Information provided ▸
○ ○ ○ ○
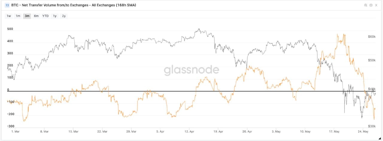 BTC net transfer volume to/from all exchanges. Source: Glassnode
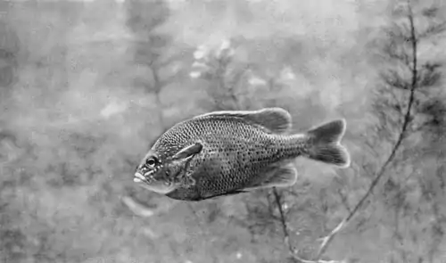 Fig. 3.—Long-eared sunfish (Lepomis auritus). One third natural size from life. Reproduced from a photograph taken by Dr. Schufeldt at the United States Aquaria at Washington. D.C.
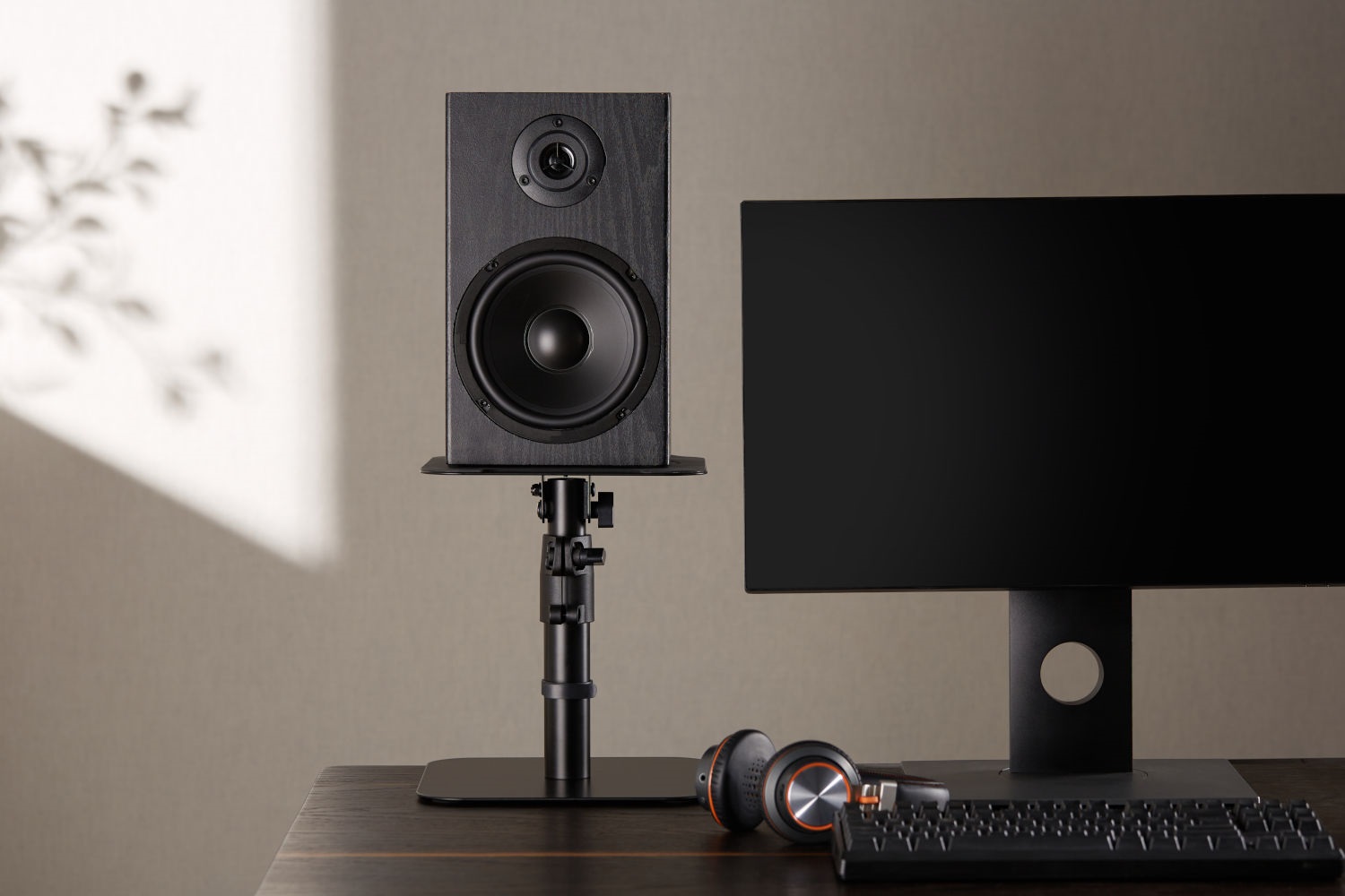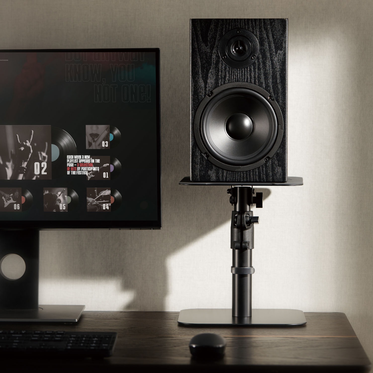Stojan na štúdiové monitory Mozos MSK6 je dvojica nastaviteľných stolových stojanov pre štúdiové monitory, ktoré sa vám určite budú hodiť, ak nemáte možnosť použiť v štúdiu bežné podlahové stojany alebo potrebujete jednoduché riešenie na umiestnenie ďalšieho páru reproduktorov. Správne nastavenie reproduktorov je jedným z najdôležitejších parametrov pri budovaní posluchového priestoru v štúdiu, ale aj doma. Ich umiestnenie priamo na stôl spôsobuje nežiaduce rezonancie, ktorých je ťažké sa z
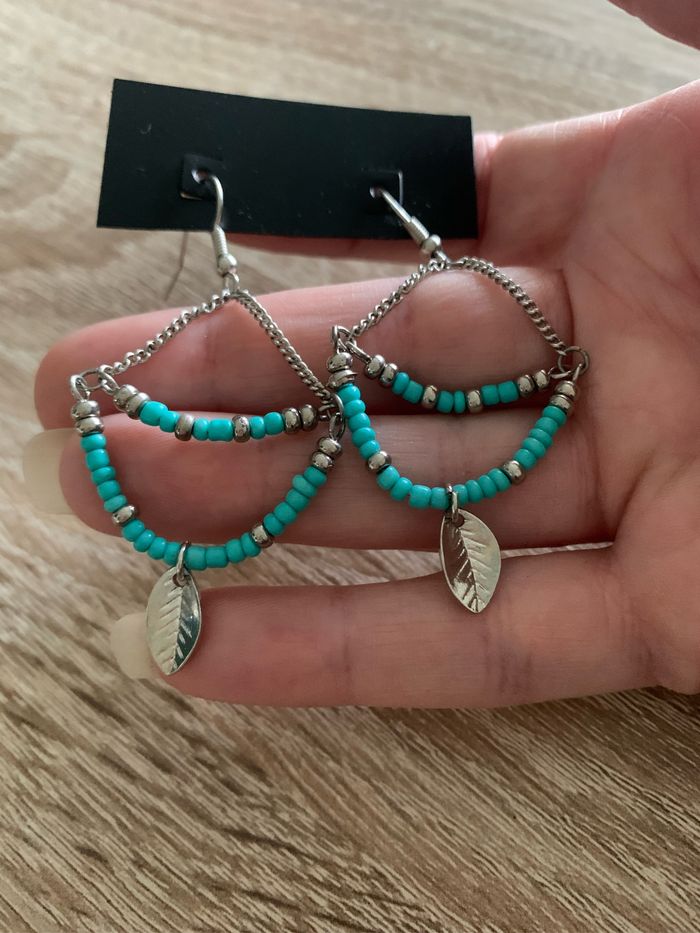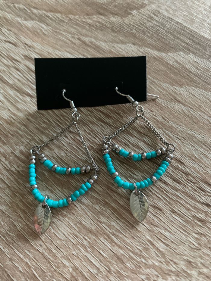 Boucles d’oreilles perles bleues et feuille - photo numéro 1
○ ○ ○ ○
When you copy the data above, reproduce each line exactly and skip every image.

Task result ▸
 BTC net transfer volume to/from all exchanges. Source: Glassnode
 Fig. 3.—Long-eared sunfish (Lepomis auritus). One third natural size from life. Reproduced from a photograph taken by Dr. Schufeldt at the United States Aquaria at Washington. D.C.
Stojan na štúdiové monitory Mozos MSK6 je dvojica nastaviteľných stolových stojanov pre štúdiové monitory, ktoré sa vám určite budú hodiť, ak nemáte možnosť použiť v štúdiu bežné podlahové stojany alebo potrebujete jednoduché riešenie na umiestnenie ďalšieho páru reproduktorov. Správne nastavenie reproduktorov je jedným z najdôležitejších parametrov pri budovaní posluchového priestoru v štúdiu, ale aj doma. Ich umiestnenie priamo na stôl spôsobuje nežiaduce rezonancie, ktorých je ťažké sa z
 Boucles d’oreilles perles bleues et feuille - photo numéro 1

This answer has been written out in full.